Странный оратор снял очки, вместе с бумажкой положил их в карман поддевки, с трудом слез со стола и важно протискался сквозь толпу. Ему давали дорогу. Слова его и то, как он говорил, удивили слушателей. Собрались они сегодня стихийно, как на вече, сзываемые темными слухами.
Было известно, что на фронте — неудачи, враг неуклонно приближается к Царицыну. С хлебом — перебои. И самое тревожное было в том, что никто не чувствовал твердой руки в защите города от нависающей угрозы.

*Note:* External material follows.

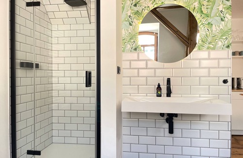 Living in a Wilhelminian-style house: unique, cozy & a little nicer! The modern loft apartment is located in a beautiful Wilhelminian-style building in the Hof city center. The pedestrian zone and train station are both just a few minutes' walk away. The loft has a kitchenette, a queen-size bed, an en-suite bathroom with a freestanding bathtub and a walk-in shower. The ceiling spotlights can be coloured to create an individually cosy ambience for bathing. The kitchenette has a microwave, a kettle, a fridge, a small freezer compartment and enough crockery, but no stove. There are also champagne glasses for romantic evenings. The light from the ceiling spotlights in the open bathroom area can be adjusted using a remote control, so that guests can create their own cozy ambience for a long bath. The toilet is separate from the bathroom area and can be locked. The shower is modern and floor-level. For longer stays, we are happy to provide a separate induction hob and matching pan and pot upon request. The electricity for the apartment comes 100% from sustainable sources. Coming from the train station, the apartment is a maximum of 10 minutes' walk away. There, you can check in independently using the key safe. One of the two keys allows you to access the historic staircase, and the other key opens the apartment. The apartment is on the 3rd floor. 1st floor of the Wilhelminian-style building. Due to monument protection regulations, there is unfortunately no elevator. Guests arriving by car can park for free on the street in front of the house. However, you should be careful as there are some places on the street where parking is strictly prohibited. The apartment is located in a beautiful district with many Wilhelminian-style houses and little traffic in most places. The train station and pedestrian zone are both just a few minutes' walk away. In just 2-3 minutes you can reach the first bars and one of Hof's most popular pubs, the "Treffpunkt", where you can get delicious burgers and local beer.

А тут еще разные ораторы разжигали воображение. Чорт их знает — кому верить теперь. Иные влезали на стол сразу по-трое и, ругаясь, спихивали друг дружку.
Зной стоял нестерпимый под покрытым штабелями берегом, убегающим к бледной, широкой Волге, лоснящейся, как горячее масло. Один оратор кричал, что нельзя брать хлеб у мужика силой, мужик сам знает цену хлебу, а монополия — голодная смерть… Другой, потрясая кулаками, надрывался диким голосом: «Чего нам ждать? Ребята, переизберем советы, не пустим в них ни одного коммуниста… И войне конец, и хлеб будет!»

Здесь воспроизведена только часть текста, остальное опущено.